For instance, large-scale energy retrofits targeting every building in the country could be a new way to guarantee affordable energy and decent housing as well as an emission reduction strategy. Making energy efficiency part of a new social bargain could help change the current political conversation from a focus on the price of energy (which can increase with things like carbon taxes or green energy investments), towards stabilizing energy bills.

The Green New Deal calls for the active involvement in labour markets to provide employment security and access to opportunities in green energy sectors. Proposals have called for jobs guarantees and “just transitions”. A major transition will only come when the labour movement see the just transition as more than a defensive strategy to provide support in the event of job losses, towards clearly foreseeing better work in green economy sectors. Inspiration can be taken from the Swedish post-war labour movement strategy of actively shifting workers to more productive industries, enabled by the strong welfare state.

In Canada, it is imperative that we draw clear pathways where the skills and resources that exist from our history of fossil fuel development can be redeployed in green sectors. The numerous linkages between geothermal and oil and gas sectors provides a small, yet concrete, example of how we can leverage the assets in our current economic structures to move towards a green economy. This example also demonstrates that we might need a series of regional and sector specific “New Deals” to make the transition real.
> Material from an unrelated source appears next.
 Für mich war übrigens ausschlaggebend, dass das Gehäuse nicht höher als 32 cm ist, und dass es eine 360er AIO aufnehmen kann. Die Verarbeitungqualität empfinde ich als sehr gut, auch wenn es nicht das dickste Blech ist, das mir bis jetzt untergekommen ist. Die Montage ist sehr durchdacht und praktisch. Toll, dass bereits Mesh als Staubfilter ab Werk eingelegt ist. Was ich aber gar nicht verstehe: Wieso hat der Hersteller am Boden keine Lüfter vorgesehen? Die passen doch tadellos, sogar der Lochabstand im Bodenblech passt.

For a Green New Deal to work in Canada it needs to promote Indigenous rights and reconciliation. Canada’s Indigenous populations have borne the costs and received few benefits from our history of natural resource based exploitation, and without a New Deal, green energy developments could repeat the same pattern. Yet, Indigenous communities can be proponents of green energy when they are vehicles to “break free of colonial ties”.

These are only some of the examples of how a Green New Deal could not only provide equality and social security, but does so in a way that provides the accelerant required to massively deploy clean energy technologies.
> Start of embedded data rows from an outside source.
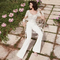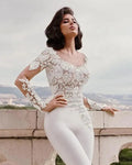 Monos sexys para vestido de novia, manga larga, encaje, apliques, cuentas, satén, bohemios, vestidos de novia, vestidos de novia
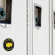Roda fatiada de queijo amarelo. Cor de fundo personalizada. Dois campos de texto personalizados em círculo.
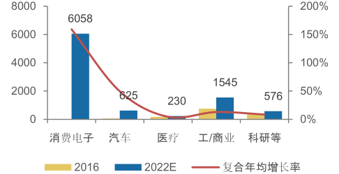 在一项智研咨询的数据调查中,2016-2022年3D成像会在消费电子领域迎来爆发,其平均年复合增速达到了160%,如下图所示,
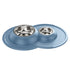 Ciotola doppia per cani e gatti in acciaio inossidabile dotata di morbido tappetino integrato antiscivolo, antigoccia e antiribaltamento.
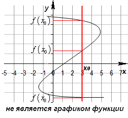 Графиком функции называется множество всех точек на координатной плоскости, абсциссы которых равны значениям аргумента, а ординаты - соответствующим значениям функции. Если некоторому значению x=x0 соответствуют несколько значений (а не одно) y, то такое соответствие не является функцией. Для того чтобы множество точек координатной плоскости являлось графиком некоторой функции, необходимо и достаточно, чтобы любая прямая параллельная оси Оу, пересекалась с графиком не более чем в одной точке.

What market-based frameworks neglect

The need for a Green New Deal is more apparent as traditional advocates of market-based climate policies are starting to accept that their prescriptions are not politically palatable. Yet, they see other policies as politically saleable because they hide costs. Unfortunately, market-based environmental policy thinking has led to a truncated view of politics as being confined to an argument about paying and hiding costs. If all market-based environmental policy frameworks have to offer is a political argument based on hiding costs, then it is time for an approach that takes political economics seriously and learns from the history of actual transitions.

The Green New Deal is about political and economic transformation

The Green New Deal is more than a policy platform. What is perhaps most important are the conversation taking place under this vision about how new forms of social and economic security can enable a green transition. We should reject the idea that asking these questions adds unnecessary baggage to already complex climate policy arenas. Rather, articulating a new vision for a more secure and equal society is needed to create the right political conditions for unlocking the potential of green energy technologies.

Brendan Haley is a Broadbent Policy Fellow. He wrote a PhD thesis on low-carbon transitions in Canada’s context and he is the author of a Broadbent Institute report on a “Green Entrepreneurial State” in Canada.